This Warranty does not apply: .... (f) to damage caused by service (including upgrades and expansions) performed by anyone who is not a representative of Apple or an Apple Authorized Service Provider (“AASP”);

I'd say it is clear and perfectly reasonable and expected that Apple isn't responsible if you had a third party replace your home button, and they damaged your phone in the process (let's say they broke a PC board connection, or the case), or if that home button just didn't work properly.

But was the damage (bricking) that people are upset about caused by the third party, or caused by Apple? Since there was no apparent problem UNTIL users ran an Apple software upgrade, I think lawyers will have a good case that it was APPLE that caused the damage. We will see.

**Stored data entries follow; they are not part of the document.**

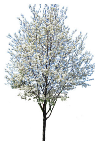
Amelanchier lamarckii 'Ballerina'
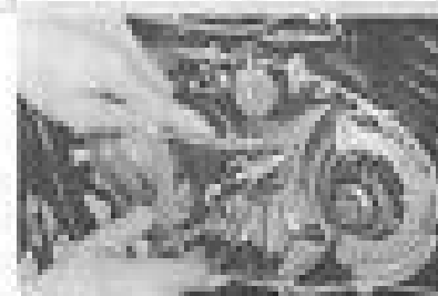
Fig. 1-17 Timing pulley
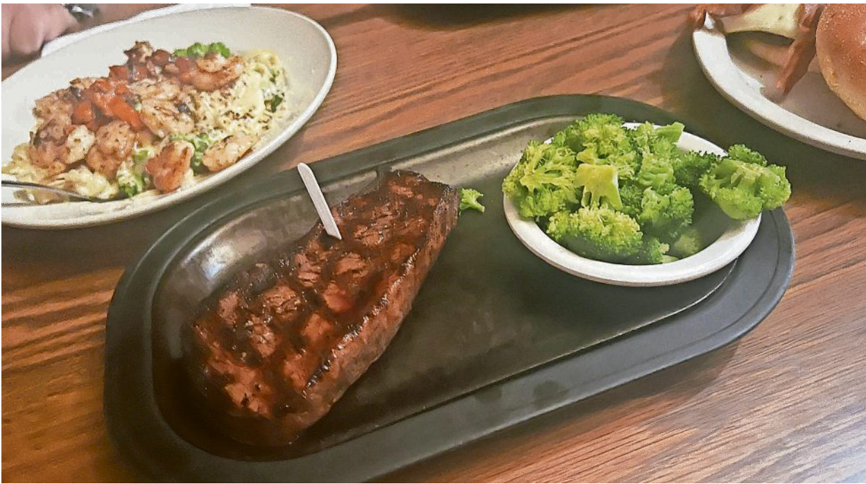
The Flame Steakhouse & Lounge is known for its charbroiled steaks; here one of its famous sirloins is ready to go to a customer’s table.
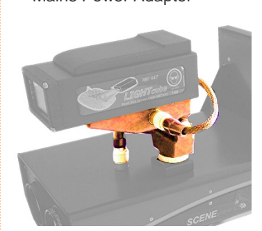
Hotshoe Adaptor For mounting LIGHTcubes
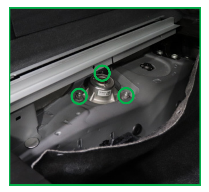
FIGURE 7 FIGURE 8
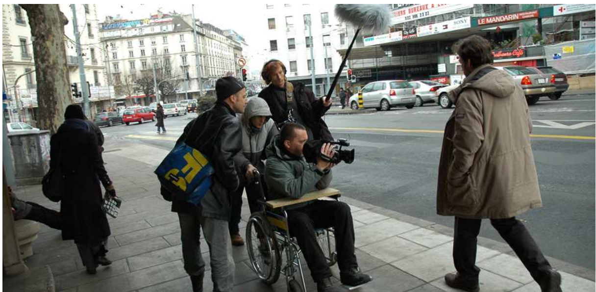
Shooting in Geneva

Either way, this is bad PR for Apple - they should bend over backwards to make this right for customers, IMO. And add appropriate warnings regarding security issues.

-ERD50
 
How many phones are actually impacted?


Sent from my iPad using Early Retirement Forum
 
How many phones are actually impacted?


Sent from my iPad using Early Retirement Forum

See post 52. about 62 million, per article linked.
 
See post 52. about 62 million, per article linked.
Doesn't mean that's how many phones were actually affected by the upgrade. That number's probably just based on sales figures. I doubt there are 62 million iPhones with faulty TouchID buttons who got them replaced by a 3rd party.

Mind, if it's a genuine hardware problem that caused the bricking and the phone wasn't modified or tampered with in anyway, Apple will likely be willing to replace it through Apple Care warranty (or OOW replacement).
 
Yes. I am interested in knowing how many phones are bricked. Not how many potentially could be bricked.

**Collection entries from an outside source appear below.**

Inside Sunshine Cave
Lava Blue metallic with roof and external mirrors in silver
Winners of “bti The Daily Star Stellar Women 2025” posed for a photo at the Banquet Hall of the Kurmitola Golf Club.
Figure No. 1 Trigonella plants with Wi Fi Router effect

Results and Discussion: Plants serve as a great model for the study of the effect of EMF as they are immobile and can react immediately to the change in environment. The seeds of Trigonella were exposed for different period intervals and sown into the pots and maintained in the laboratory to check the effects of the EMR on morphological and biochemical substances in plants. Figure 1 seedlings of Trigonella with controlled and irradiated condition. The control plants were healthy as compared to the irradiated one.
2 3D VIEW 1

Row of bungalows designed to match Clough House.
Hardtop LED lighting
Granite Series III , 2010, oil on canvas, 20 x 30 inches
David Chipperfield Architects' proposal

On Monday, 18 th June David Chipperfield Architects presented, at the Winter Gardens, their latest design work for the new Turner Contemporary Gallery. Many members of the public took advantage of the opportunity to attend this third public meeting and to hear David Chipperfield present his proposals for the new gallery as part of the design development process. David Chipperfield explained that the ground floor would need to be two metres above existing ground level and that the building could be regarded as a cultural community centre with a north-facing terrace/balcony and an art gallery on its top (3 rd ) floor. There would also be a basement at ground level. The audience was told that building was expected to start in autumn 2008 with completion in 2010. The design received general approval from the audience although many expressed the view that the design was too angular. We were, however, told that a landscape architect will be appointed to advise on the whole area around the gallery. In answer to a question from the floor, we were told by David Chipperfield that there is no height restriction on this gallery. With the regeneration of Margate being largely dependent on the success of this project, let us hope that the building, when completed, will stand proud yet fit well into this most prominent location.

News articles mention "thousands" but provide no support other than a relevant webpage got something like 200k hits. As we know hits are a terrible measure of pretty much everything (except for hits). If anything, having 200k hits would suggest to me that the problem is tiny.

Mind, if it's a genuine hardware problem that caused the bricking and the phone wasn't modified or tampered with in anyway, Apple will likely be willing to replace it through Apple Care warranty (or OOW replacement).

This appears to be the case (free replacement by apple) as reported here:
What is Error 53 and why did it kill my iPhone?

The person's phone (6+) would still be under warranty. It's not clear if apple would still replace it if it was an older phone and applecare expired.
 
Of course the lawyers are going to make it sound worse than it is.

It's one thing for them to get replacements for clients.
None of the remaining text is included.